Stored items
* * * *
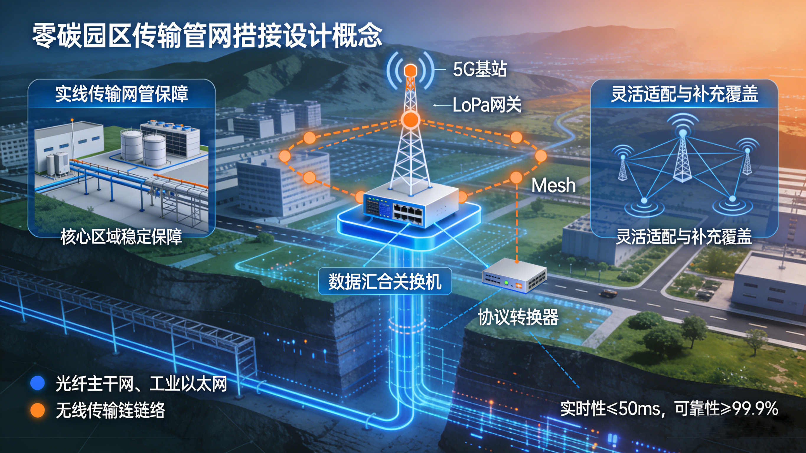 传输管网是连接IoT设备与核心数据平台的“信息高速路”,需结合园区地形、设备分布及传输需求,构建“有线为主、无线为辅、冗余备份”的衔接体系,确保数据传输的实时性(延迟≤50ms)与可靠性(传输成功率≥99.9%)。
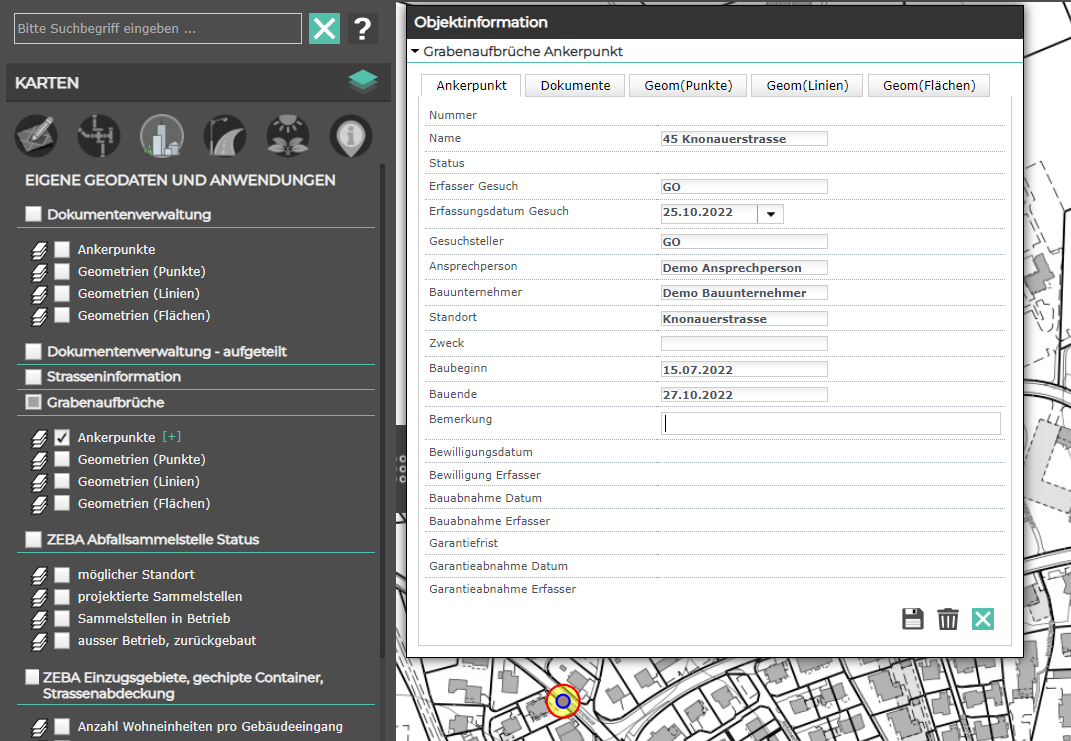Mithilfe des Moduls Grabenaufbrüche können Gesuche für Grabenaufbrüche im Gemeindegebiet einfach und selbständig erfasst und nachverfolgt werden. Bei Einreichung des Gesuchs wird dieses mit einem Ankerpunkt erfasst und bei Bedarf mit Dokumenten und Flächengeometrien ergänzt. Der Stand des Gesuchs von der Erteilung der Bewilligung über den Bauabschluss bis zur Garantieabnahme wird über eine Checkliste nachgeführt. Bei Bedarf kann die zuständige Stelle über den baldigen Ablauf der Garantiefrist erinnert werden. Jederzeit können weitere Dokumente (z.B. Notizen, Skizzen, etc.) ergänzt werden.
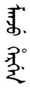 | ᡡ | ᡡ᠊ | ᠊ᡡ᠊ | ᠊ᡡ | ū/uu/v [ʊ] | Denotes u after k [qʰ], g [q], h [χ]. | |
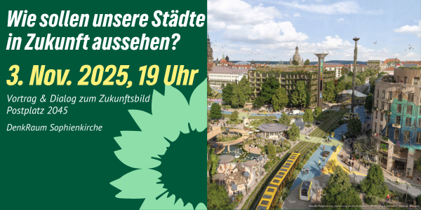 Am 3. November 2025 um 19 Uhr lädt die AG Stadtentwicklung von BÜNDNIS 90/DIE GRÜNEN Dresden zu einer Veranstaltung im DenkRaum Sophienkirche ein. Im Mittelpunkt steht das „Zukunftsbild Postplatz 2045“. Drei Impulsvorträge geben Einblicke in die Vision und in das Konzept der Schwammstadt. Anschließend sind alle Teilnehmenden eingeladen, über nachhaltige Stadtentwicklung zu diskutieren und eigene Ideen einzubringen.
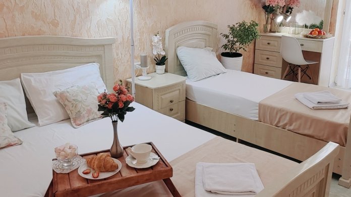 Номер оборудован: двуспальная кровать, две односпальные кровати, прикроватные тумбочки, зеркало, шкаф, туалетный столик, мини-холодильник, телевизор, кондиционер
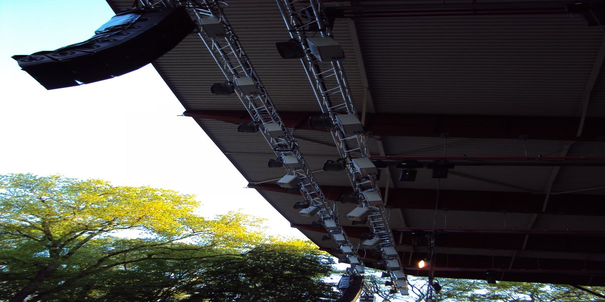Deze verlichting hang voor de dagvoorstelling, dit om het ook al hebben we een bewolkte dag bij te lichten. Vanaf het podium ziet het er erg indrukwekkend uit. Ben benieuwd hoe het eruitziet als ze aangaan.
* * * *
(Task instructions) Copy the records above precisely, and leave every image out of the copy.

(Solution to this exercise)
 传输管网是连接IoT设备与核心数据平台的“信息高速路”,需结合园区地形、设备分布及传输需求,构建“有线为主、无线为辅、冗余备份”的衔接体系,确保数据传输的实时性(延迟≤50ms)与可靠性(传输成功率≥99.9%)。
Mithilfe des Moduls Grabenaufbrüche können Gesuche für Grabenaufbrüche im Gemeindegebiet einfach und selbständig erfasst und nachverfolgt werden. Bei Einreichung des Gesuchs wird dieses mit einem Ankerpunkt erfasst und bei Bedarf mit Dokumenten und Flächengeometrien ergänzt. Der Stand des Gesuchs von der Erteilung der Bewilligung über den Bauabschluss bis zur Garantieabnahme wird über eine Checkliste nachgeführt. Bei Bedarf kann die zuständige Stelle über den baldigen Ablauf der Garantiefrist erinnert werden. Jederzeit können weitere Dokumente (z.B. Notizen, Skizzen, etc.) ergänzt werden.
 | ᡡ | ᡡ᠊ | ᠊ᡡ᠊ | ᠊ᡡ | ū/uu/v [ʊ] | Denotes u after k [qʰ], g [q], h [χ]. | |
 Am 3. November 2025 um 19 Uhr lädt die AG Stadtentwicklung von BÜNDNIS 90/DIE GRÜNEN Dresden zu einer Veranstaltung im DenkRaum Sophienkirche ein. Im Mittelpunkt steht das „Zukunftsbild Postplatz 2045“. Drei Impulsvorträge geben Einblicke in die Vision und in das Konzept der Schwammstadt. Anschließend sind alle Teilnehmenden eingeladen, über nachhaltige Stadtentwicklung zu diskutieren und eigene Ideen einzubringen.
 Номер оборудован: двуспальная кровать, две односпальные кровати, прикроватные тумбочки, зеркало, шкаф, туалетный столик, мини-холодильник, телевизор, кондиционер
Deze verlichting hang voor de dagvoorstelling, dit om het ook al hebben we een bewolkte dag bij te lichten. Vanaf het podium ziet het er erg indrukwekkend uit. Ben benieuwd hoe het eruitziet als ze aangaan.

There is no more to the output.